- Genre: Cookery
- Presented by: Paul Hollywood
- Composer: Dobs Vye
- Country of origin: United Kingdom
- Original language: English
- No. of series: 1
- No. of episodes: 20 (list of episodes)

Production
- Executive producers: Chris Kelly; Gerard Melling; Nick Bullen;
- Producer: Dunk Barnes
- Editor: Bruce McKenna
- Running time: 45 minutes
- Production company: Spun Gold

Original release
- Network: BBC One; BBC One HD;
- Release: 4 November – 29 November 2013

Related
- The Great British Bake Off

= Paul Hollywood's Pies and Puds =

Paul Hollywood's Pies and Puds is a British cookery television series that was first broadcast on BBC One in November 2013. Each episode shows Paul Hollywood cooking three recipes. In addition to that, he goes around the United Kingdom looking for traditional local recipes and the stories behind them.

==Production==
On 28 August 2013, Paul Hollywood appeared at the Chippenham Pit Stop café to film the fourteenth episode of the series. He cooked breakfast there, as well as pies made from ingredients used to serve breakfast.

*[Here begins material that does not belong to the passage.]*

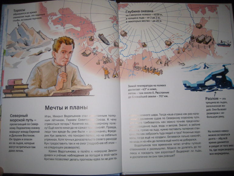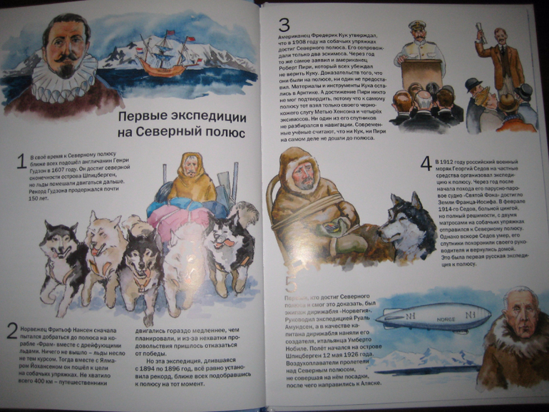 Во-первых, не очень большой объем текста, однако, что удивительно, даже с подробностями и тонкостями, например, довольно обстоятельно рассказывается об открытии Северного полюса. До сих пор достоверно так и не известно, кто же сделал это первым. Фредерик Кук или Роберт Пири? Во всяком случае первым, кто достиг Северного полюса и смог это доказать, был экипаж дирижабля "Норвегия" под руководством Руаля Амундсена. "Воздухоплаватели пролетели над Северным полюсом, не совершая на нем посадки, после чего направились к Аляске".
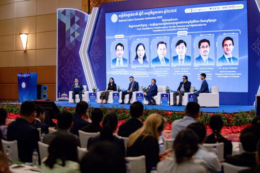 ភ្នំពេញ៖ ថ្លែងជាវាគ្មិនក្នុងកិច្ចពិភាក្សាពិសេសស្តីពី “ការធ្វើអន្តរកាលកម្លាំងពលកម្មកម្ពុជា ទៅរកសេដ្ឋកិច្ចឌីជីថល និងសេដ្ឋកិច្ចចក្រា” នៃសន្និសីទថ្នាក់ជាតិលើកទី២ ស្ដីពីសេដ្ឋកិច្ចការងារ ឆ្នាំ២០២៥ នៅព្រឹកថ្ងៃចន្ទ ទី១៥ ខែធ្នូ ឆ្នាំ២០២៥ លោក ហេង សួរ រដ្ឋមន្រ្តីក្រសួងការងារ និង បណ្តុះបណ្តាលវិជ្ជាជីវៈ បានលើកឡើងថា ការធ្វើអន្តរកាលកម្លាំង ពលកម្មកម្ពុជាទៅរកសេដ្ឋកិច្ចឌីជីថល និងសេដ្ឋកិច្ចចក្រា គឺជាការផ្លាស់ប្តូរ និងការអភិវឌ្ឍជំនាញ ការងារ និងរៀបចំរចនាសម្ព័ន្ធកម្លាំងពលកម្ម ដើម្បីឆ្លើយតបទៅនឹងបម្រែបម្រួល នៃរចនាសម្ព័ន្ធសេដ្ឋកិច្ចសម័យថ្មី ដែលផ្អែកលើបច្ចេកវិទ្យាឌីជីថល និងការប្រើប្រាស់ធនធាន ប្រកបដោយចីរភាព។

On 30 August 2013, BBC Daytime announced that it had commissioned the twenty-part series. The series was commissioned by Gerard Melling. Damien Kavanagh, the head of BBC Daytime, said:Paul is much loved by BBC audiences and his new series will be a real treat for Daytime viewers, providing them not only with a baking masterclass but also the fascinating stories behind some unique recipes. Sweet or savoury, the series will feature something for everyone.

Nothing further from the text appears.